Using the data you have so far, give an example of an error in your
sequences. Explain why you believe it is an error and its possible
source.
- Using the protein sequences that are most likely to be encoded by
your DNA fragments (possibly with some manual corrections of errors
you found) do a search against the Prosite sequence motif database
(http://www.expasy.ch/tools/scnpsit1.html). What motifs did you find?
Are there any clear true positives or clear false positives?

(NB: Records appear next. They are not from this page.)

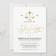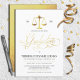 Stylish law school graduation party invitations in an elegant faux gold design, that you can customize for your upcoming celebration.
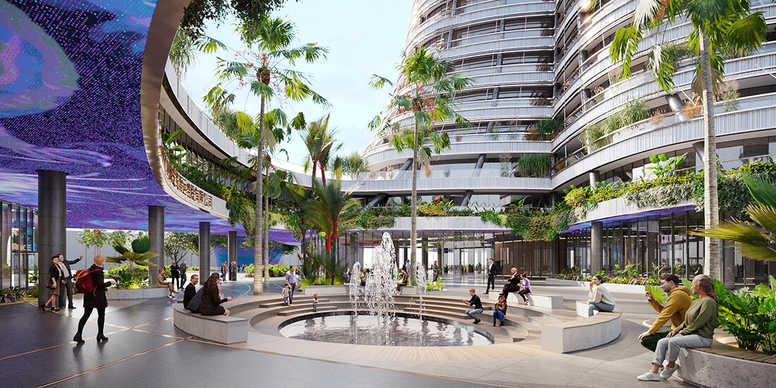 This remote scenario was ideal for Hainan. Clients at the Hainan Future Office Park Investment and Holding Co. wanted to build a landmark miniature city on the island, one that would model the work environments and infrastructure that attract big tech companies, such as Google or China’s Tencent, and generate jobs for all levels of qualification.
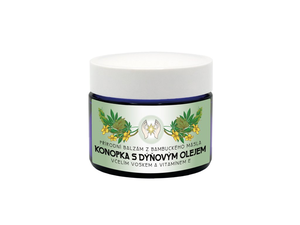 Přírodní balzám z bambuckého másla s konopným olejem LZS a dýňovým olejem LZS, včelím voskem a vitaminem E. Nově varianta v modrém skle :-)
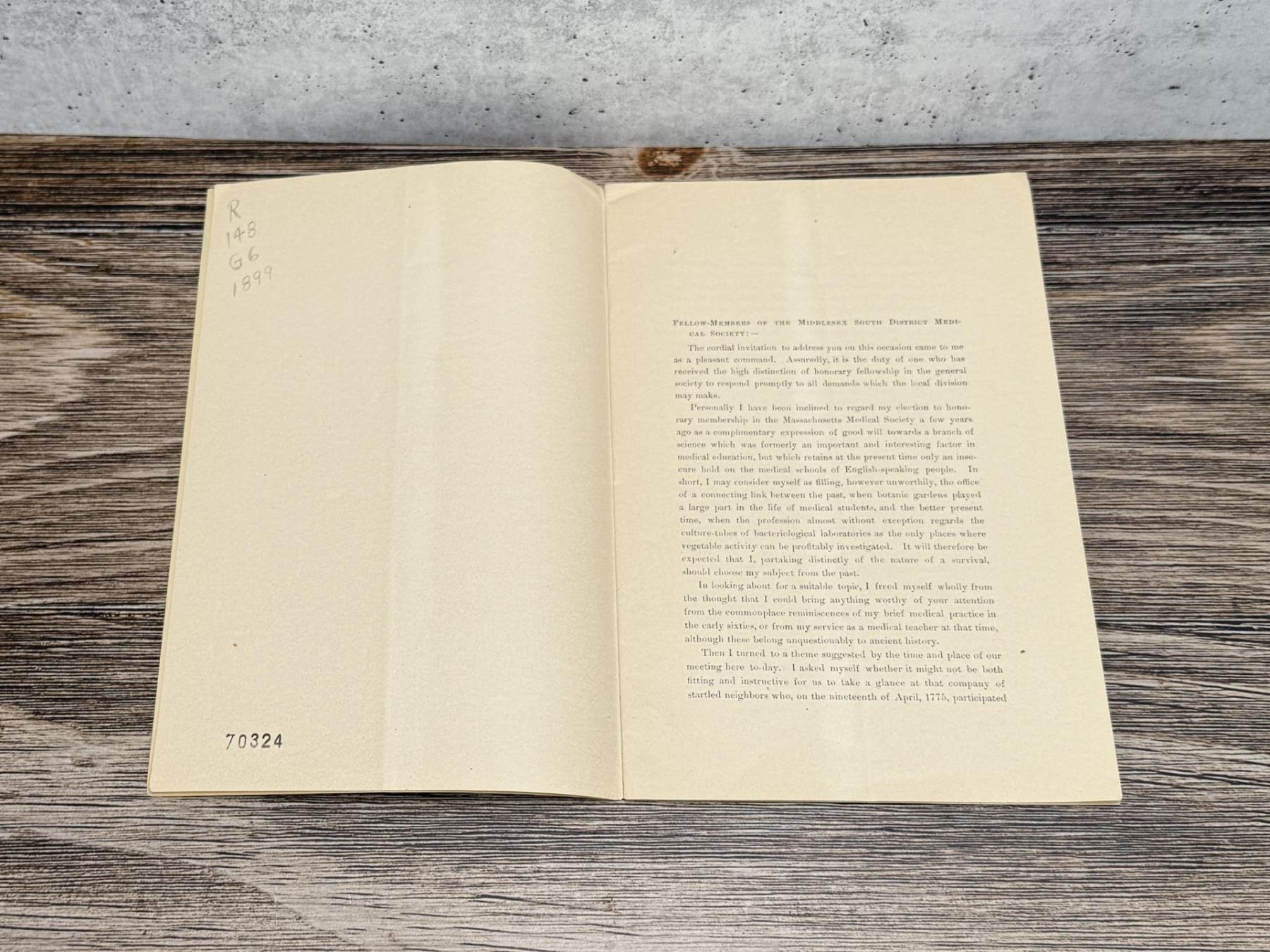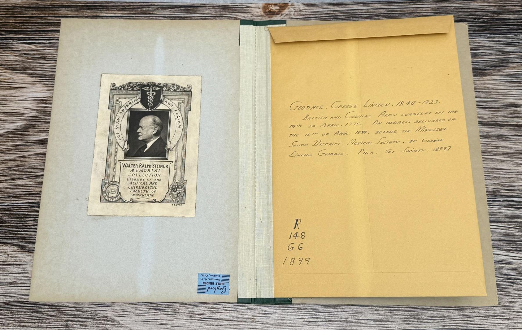 An Address Delivered on the 19th of April 1899, Before the Middlesex South District Medical Society. George Lincoln Goodale. Bookplate of Walter Ralph Steiner.
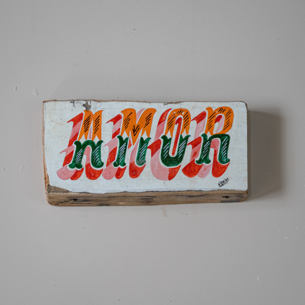 Hidaías nasceu no Pará, no coração da Amazônia, e desde cedo se aproximou da tradição de pintar embarcações e fachadas com letras ornamentadas e arabescos coloridos. Aprendeu observando os mestres que trabalhavam nos portos e comunidades ribeirinhas, onde cada barco ganhava identidade própria através da pintura. Ao longo dos anos, desenvolveu seu estilo, combinando técnicas herdadas com a liberdade criativa de sua própria trajetória. Hoje, integra o projeto Abridores de Letras, que reúne artistas da Amazônia comprometidos em valorizar essa prática como patrimônio cultural e linguagem artística. Em suas obras, Hidaías mantém vivo o gesto ancestral de “abrir letras” no casco dos barcos, mas também amplia seus sentidos, sem perder o vínculo com as águas e as memórias.
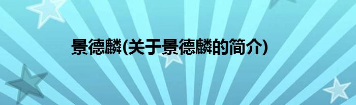本文关于景德麟的简介就讲解完毕,希望对大家有所帮助。
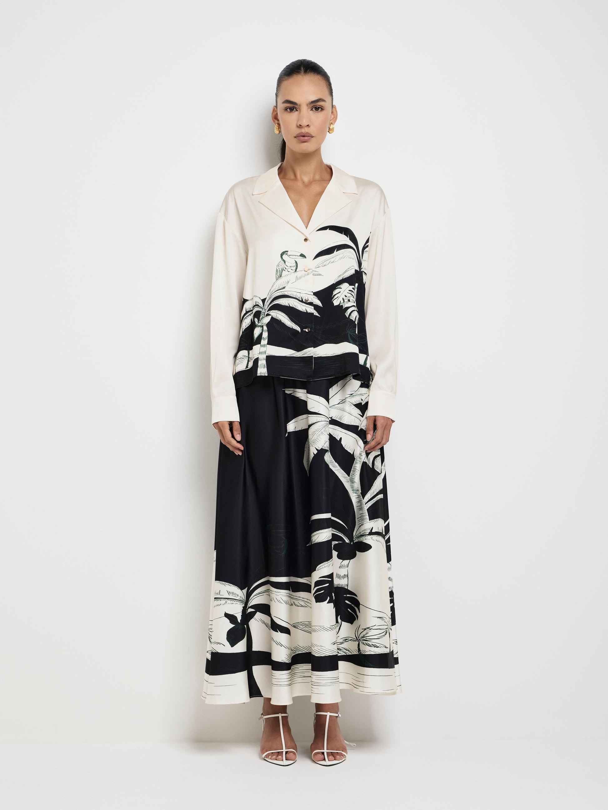 Paradise reimagined in monochrome! Introducing the Midnight Palms Shirt - showcasing a placement print satin fabrication, long sleeves, collar, button placket closure front and oversized styling. Pair with our matching Midnight Palms Skirt to complete the look.

- Pick one of the sequences for which there are other known similar
proteins. Retrieve the amino acid sequence of several of the similar
proteins and, together with yours, do a multiple alignment of the
set. A useful server can be found at
http://www.ibc.wustl.edu/msa/clustal.html. Report the obtained
alignment and the algorithm used.
- From the above alignment identify conserved residues within the
family or superfamily of proteins. How do the conserved motifs relate
to the function of the known proteins? Can you predict anything about
the function of your own protein? To answer these questions you will
need to look up a couple of papers from the literature. A good
starting point to do this is Medline, available through the NCBI server.
Extra credit:
- Analyze the possible function of the protein sequence you picked
above in the context of sea urchin development. Would it be worthwhile to
pursue this protein in wet lab experiments?